◆ Exercise goal
Print only the lines below, from the very first to the one containing "10月12日网络管理中心组织", exactly as they stand. Do not print pictures.
Top of Dataset section
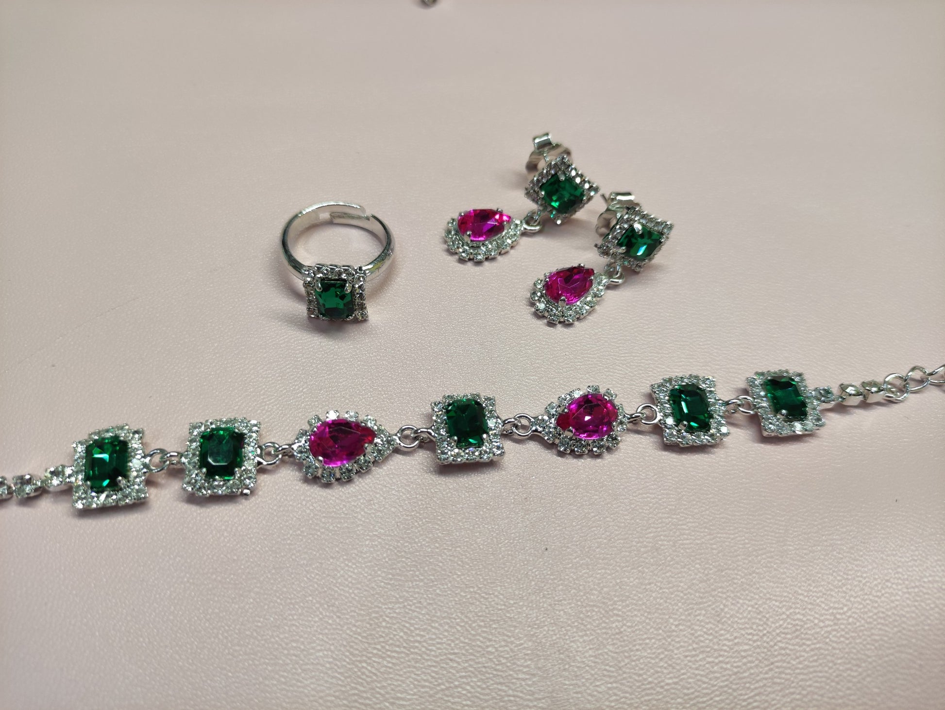Bracciale con orecchini e anello abbinati, realizzati in ottone placcato oro o argento con lega in stagno, impreziositi da strass e pietre Swarovski in vari tagli, galvanica nichel free.
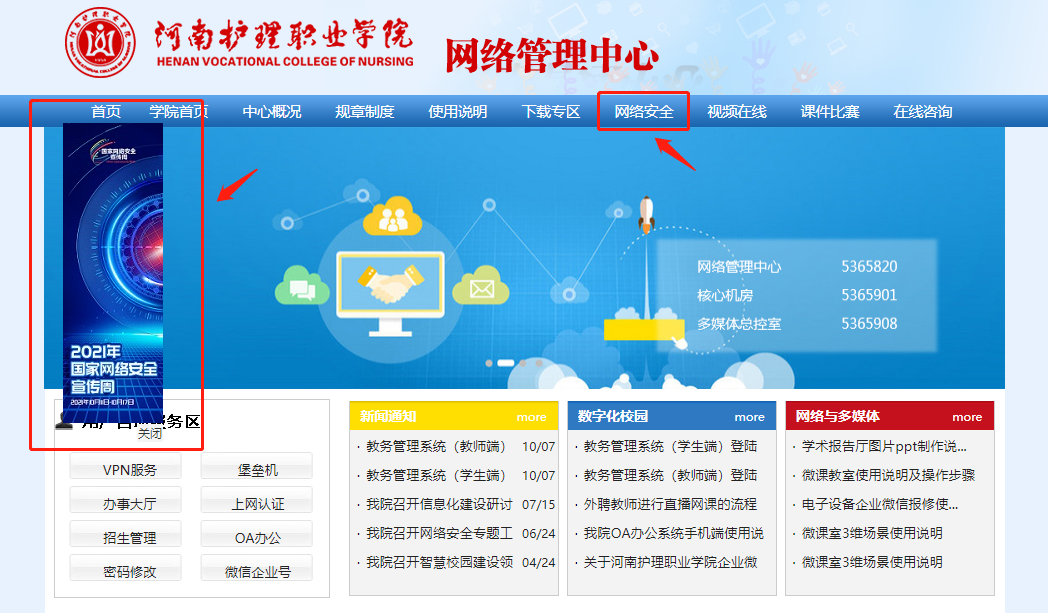 10月12日网络管理中心组织全院师生于线上观看了省委高校工委、省教育厅举办的“2021年国家网络安全宣传周河南省校园日活动”启动仪式。
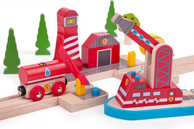 Tag på en spændende redningsmission på skinner og til vands med dette kvalitets træ-sæt fra Bigjigs Rail. Sættet omfatter en brandbåd med bevægelig slange, som nemt kan kombineres med andre togbaner på markedet. Produktet er fremstillet af kvalitetsmaterialer fra ansvarlige kilder og opfylder gældende europæiske sikkerhedsstandarder.
Bottom of Dataset section
◆ Exercise output
Bracciale con orecchini e anello abbinati, realizzati in ottone placcato oro o argento con lega in stagno, impreziositi da strass e pietre Swarovski in vari tagli, galvanica nichel free.
 10月12日网络管理中心组织全院师生于线上观看了省委高校工委、省教育厅举办的“2021年国家网络安全宣传周河南省校园日活动”启动仪式。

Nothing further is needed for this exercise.